Like how I would craft very imaginary, fictitious worlds in my head over the years but never bothered to pen the numerous stories that could be down because I was scared of how they would be received. Think Gossip Girl meets real life characters like you or me. Think pushing the limits of fanfiction.

 

All the teasers aside, writing is seriously integral to my identity now, a mirror into my small imagination that was once a labyrinth of possibilities. I intend to write till I can produce that content I like to read (or that I remember me writing), or I die.

Whichever comes first.

The Least Important Questions Ever.

15 posts down and I haven’t told you anything of real importance- the 16th just follows in their path.

 

Well, these questions keep persistently irritating me (hell, I wish they did, frankly) which is why I thought I’d answer them for a quick post (you really needn’t read this if you wish):

 

 

  • What am I even doing? Short answer, typing out a post that should have gone up by now. (Long answer, I can’t wait to bore you with: here).
  • Do you ever sleep?
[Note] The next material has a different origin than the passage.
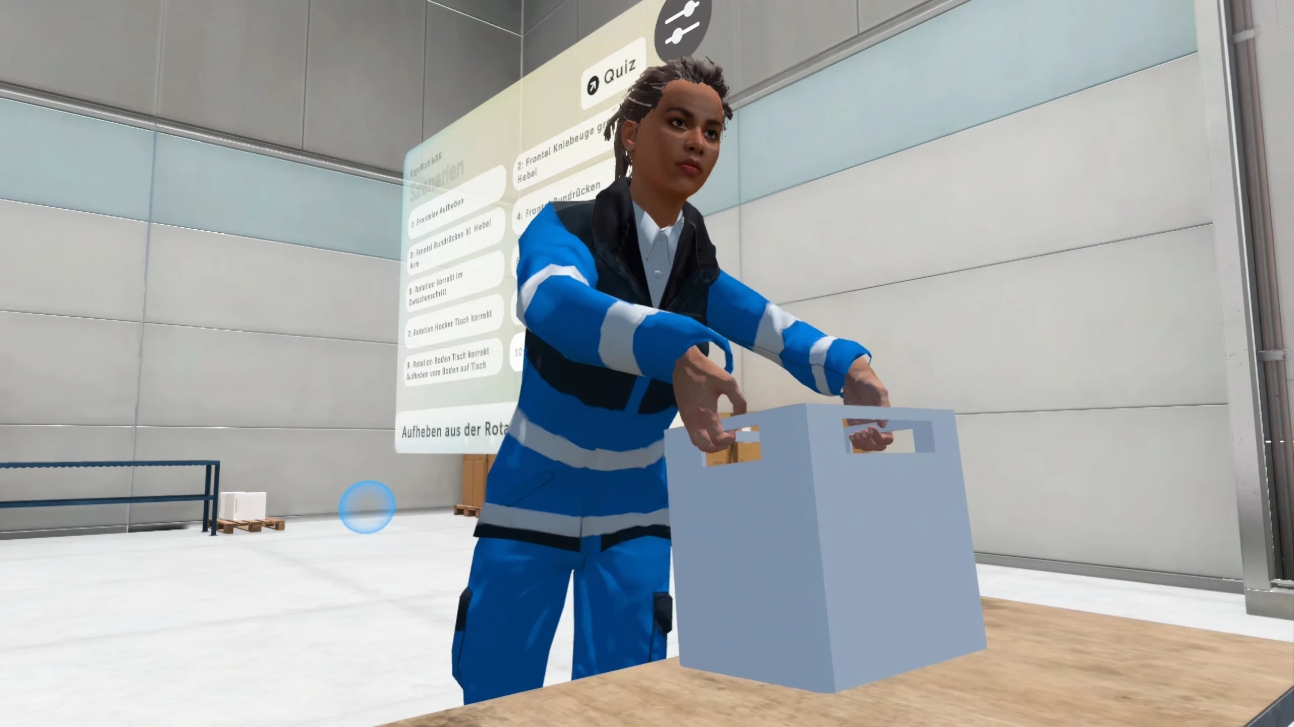 Ergonomic lifting is often taught primarily on a theoretical level in conventional instruction formats. In practice, however, learners frequently lack opportunities to rehearse movement patterns repeatedly under realistic conditions and to recognize poor posture immediately. At the same time, in-person training is difficult to standardize, resource-intensive, and provides only limited objective feedback. As a result, unfavorable leverage, a rounded back, or incorrect rotational movements often remain unnoticed in routine workflows—raising the risk of overload, musculoskeletal complaints, and long-term absence from work. Moreover, traditional settings make it challenging to demonstrate typical mistakes in a targeted way without unintentionally reinforcing incorrect technique.

My parents would answer in the affirmative, my dark circles would prove otherwise.
  • Do you have any friends? I’d like to think so- a grand total of 367 when I left Facebook.
  • No, really? I don’t know how to maintain too many simultaneously so I have a handful of friends everywhere I go, but only just few. Acquaintances, numerous.

 

  • How are you so tall? I actually stretch myself really, really well each morning- like taffy- so it adds a foot to my frame everyday. Oh, and Horlicks. And swimming. And cycling. And living long enough to grow.
  • How are you so funny? I just try really, really hard.                                                                Oh, what? That was sarcasm..?
  • Where do you find your vast library of music from? Hours of consistent digging on the internet, following the most obscure leads and suggestions and keeping an open mind. And it used to also stem from internet torrent downloads, but no more. That’s illegal and unfair (and banned from the hostel LAN connection).

 

   (Quick suggestion: Listen to this here.)

 

  • Why are you so interested in everything? Au contraire, I never liked football and most other sports.
  • Don’t you feel weird and ugly/bad/insecure being around more attractive and beautiful people? (PS. Legit question I got asked.) I never thought others saw my features and body as ugly and detestable till that point, but it explains a lot. Short version of my answer: It depends on what’s expected of me in a situation- I can cope with almost everything except sitting still and looking pretty and making conversation- so I’m sorted most of the times. Long answer: There is none. There’s only nuances.
  • Rate your life out of a 10: I’d honestly have to say 6.5.
  • Will you ever stop boring me? Sincerely, yes- when my objective is achieved- and even more sincerely, thank you for even being here.